Reproduce the listing in full, pictures excluded.

==*==

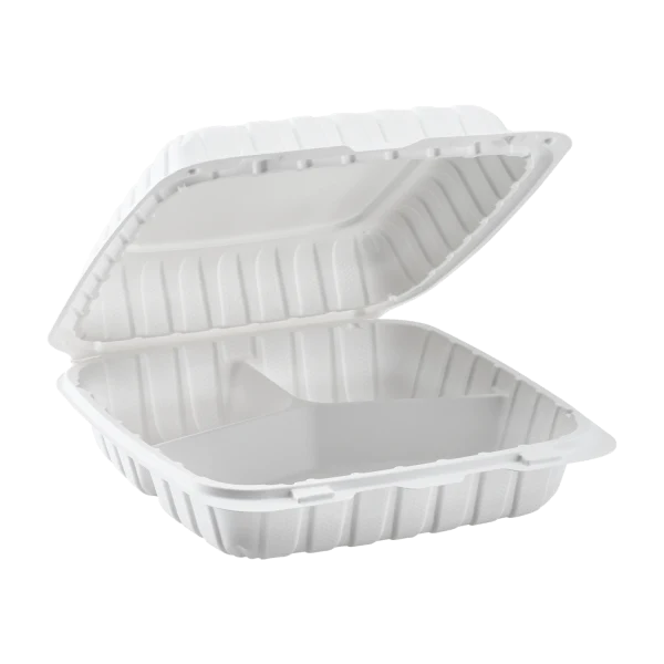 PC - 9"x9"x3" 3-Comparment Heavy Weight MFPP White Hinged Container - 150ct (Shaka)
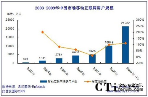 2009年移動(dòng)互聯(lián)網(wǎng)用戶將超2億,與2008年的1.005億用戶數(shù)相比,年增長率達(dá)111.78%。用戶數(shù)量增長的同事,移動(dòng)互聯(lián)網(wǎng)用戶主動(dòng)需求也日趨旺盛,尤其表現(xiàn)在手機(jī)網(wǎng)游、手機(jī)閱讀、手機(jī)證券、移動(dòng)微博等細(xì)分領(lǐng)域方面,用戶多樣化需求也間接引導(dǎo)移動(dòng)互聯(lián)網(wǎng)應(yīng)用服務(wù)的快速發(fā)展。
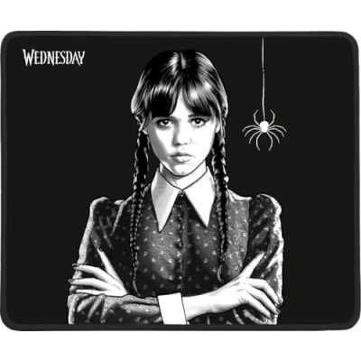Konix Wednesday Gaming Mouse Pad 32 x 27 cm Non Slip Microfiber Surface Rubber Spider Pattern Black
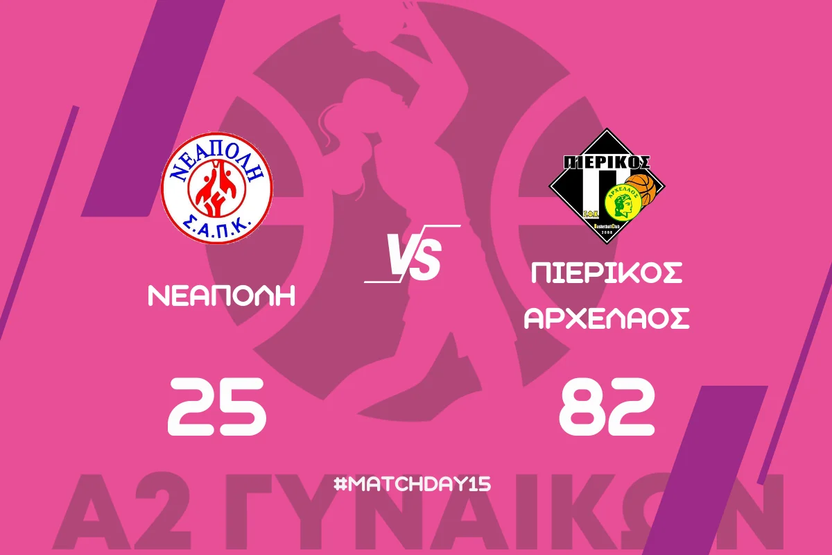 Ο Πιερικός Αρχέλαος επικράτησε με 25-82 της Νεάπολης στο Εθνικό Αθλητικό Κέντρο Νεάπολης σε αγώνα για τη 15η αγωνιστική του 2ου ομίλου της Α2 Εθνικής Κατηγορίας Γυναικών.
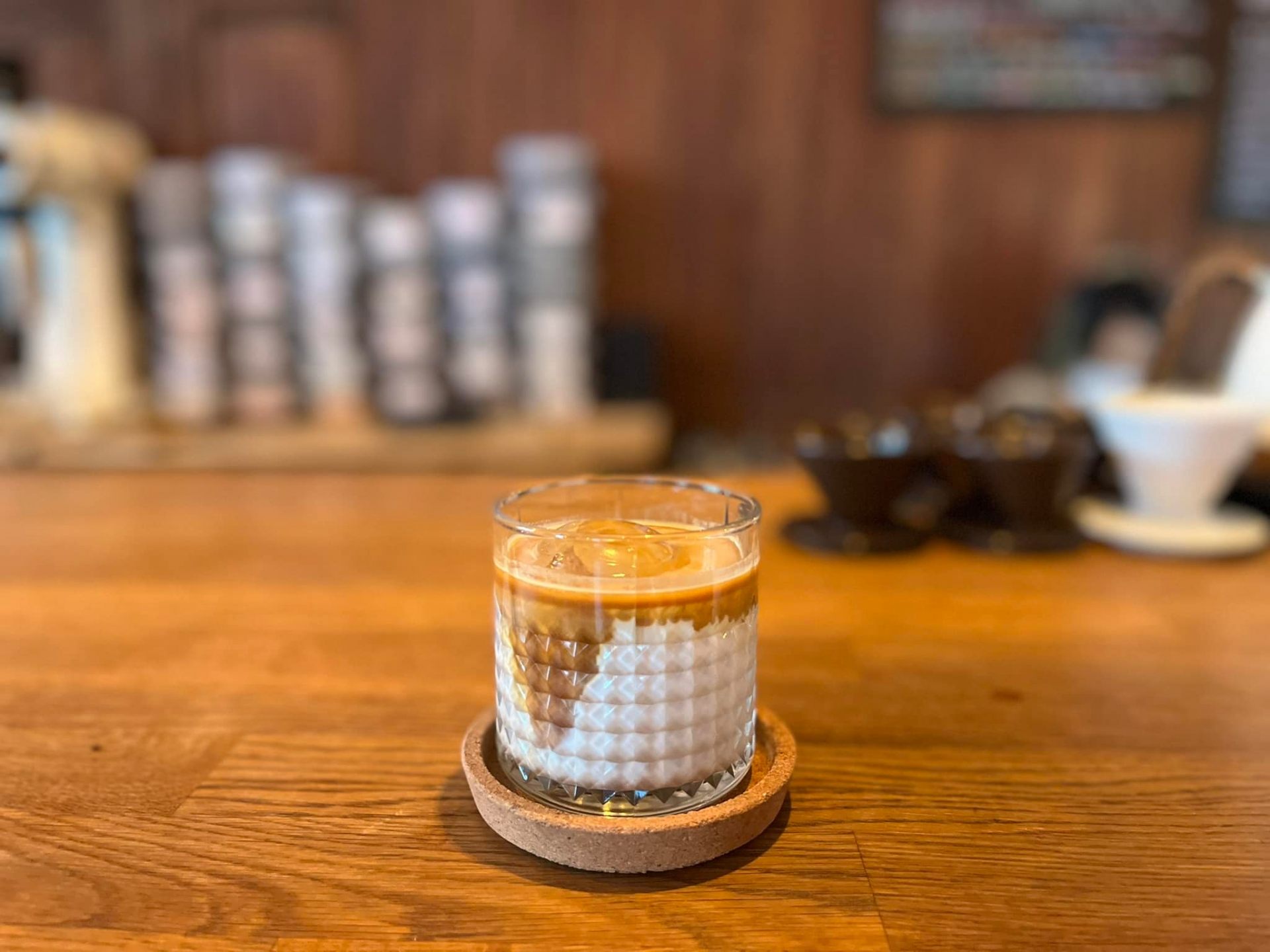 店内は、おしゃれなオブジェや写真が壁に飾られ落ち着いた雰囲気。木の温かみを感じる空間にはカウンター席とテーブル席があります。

==*==

Answer for this exercise:
 PC - 9"x9"x3" 3-Comparment Heavy Weight MFPP White Hinged Container - 150ct (Shaka)
 2009年移動(dòng)互聯(lián)網(wǎng)用戶將超2億,與2008年的1.005億用戶數(shù)相比,年增長率達(dá)111.78%。用戶數(shù)量增長的同事,移動(dòng)互聯(lián)網(wǎng)用戶主動(dòng)需求也日趨旺盛,尤其表現(xiàn)在手機(jī)網(wǎng)游、手機(jī)閱讀、手機(jī)證券、移動(dòng)微博等細(xì)分領(lǐng)域方面,用戶多樣化需求也間接引導(dǎo)移動(dòng)互聯(lián)網(wǎng)應(yīng)用服務(wù)的快速發(fā)展。
Konix Wednesday Gaming Mouse Pad 32 x 27 cm Non Slip Microfiber Surface Rubber Spider Pattern Black
 Ο Πιερικός Αρχέλαος επικράτησε με 25-82 της Νεάπολης στο Εθνικό Αθλητικό Κέντρο Νεάπολης σε αγώνα για τη 15η αγωνιστική του 2ου ομίλου της Α2 Εθνικής Κατηγορίας Γυναικών.
 店内は、おしゃれなオブジェや写真が壁に飾られ落ち着いた雰囲気。木の温かみを感じる空間にはカウンター席とテーブル席があります。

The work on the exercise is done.